Retype exactly the lines below, starting with the line that contains "- Once your" and ending with the last line; leave out any pictures.

The data =>
++++++++++++++++++++

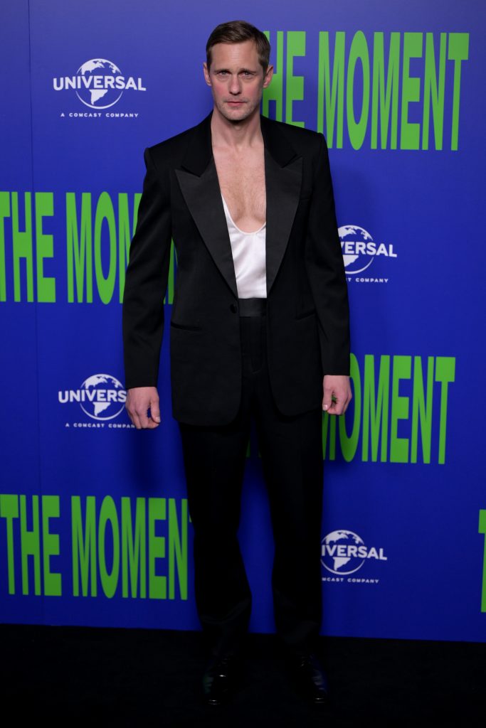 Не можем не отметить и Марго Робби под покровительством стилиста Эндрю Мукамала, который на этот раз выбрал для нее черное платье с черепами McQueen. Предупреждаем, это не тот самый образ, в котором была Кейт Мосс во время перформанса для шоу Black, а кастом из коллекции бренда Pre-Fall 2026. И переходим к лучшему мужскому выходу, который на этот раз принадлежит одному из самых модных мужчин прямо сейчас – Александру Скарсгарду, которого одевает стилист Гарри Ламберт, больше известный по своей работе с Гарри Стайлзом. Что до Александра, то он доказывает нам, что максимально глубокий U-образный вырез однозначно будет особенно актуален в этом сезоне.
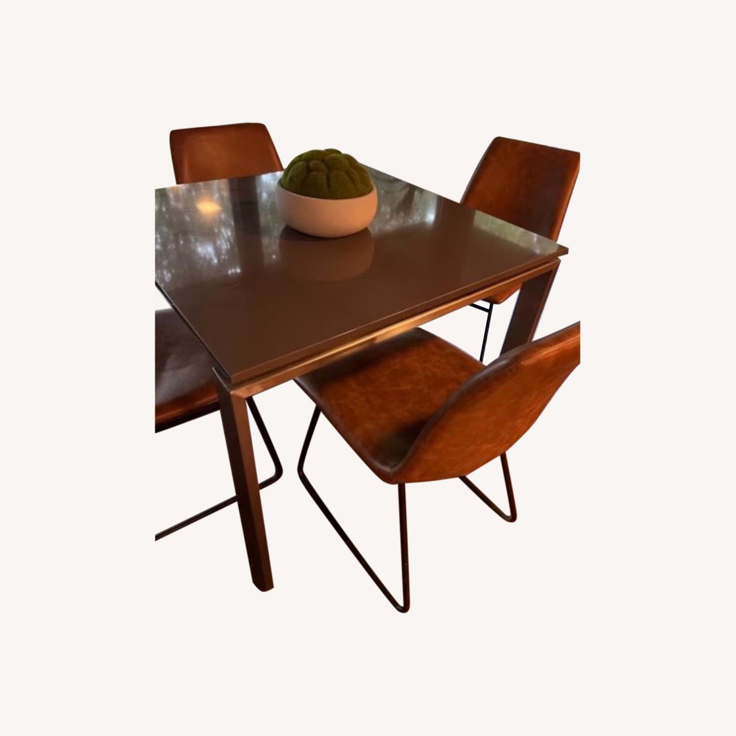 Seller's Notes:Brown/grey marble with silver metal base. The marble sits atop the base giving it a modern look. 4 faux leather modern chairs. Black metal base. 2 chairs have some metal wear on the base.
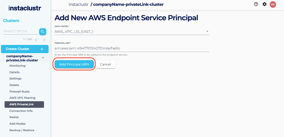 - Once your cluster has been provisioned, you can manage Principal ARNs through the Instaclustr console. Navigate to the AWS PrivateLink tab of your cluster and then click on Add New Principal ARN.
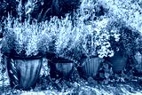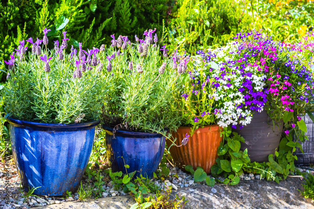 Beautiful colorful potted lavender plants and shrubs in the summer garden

++++++++++++++++++++

Answer section =>
 - Once your cluster has been provisioned, you can manage Principal ARNs through the Instaclustr console. Navigate to the AWS PrivateLink tab of your cluster and then click on Add New Principal ARN.
 Beautiful colorful potted lavender plants and shrubs in the summer garden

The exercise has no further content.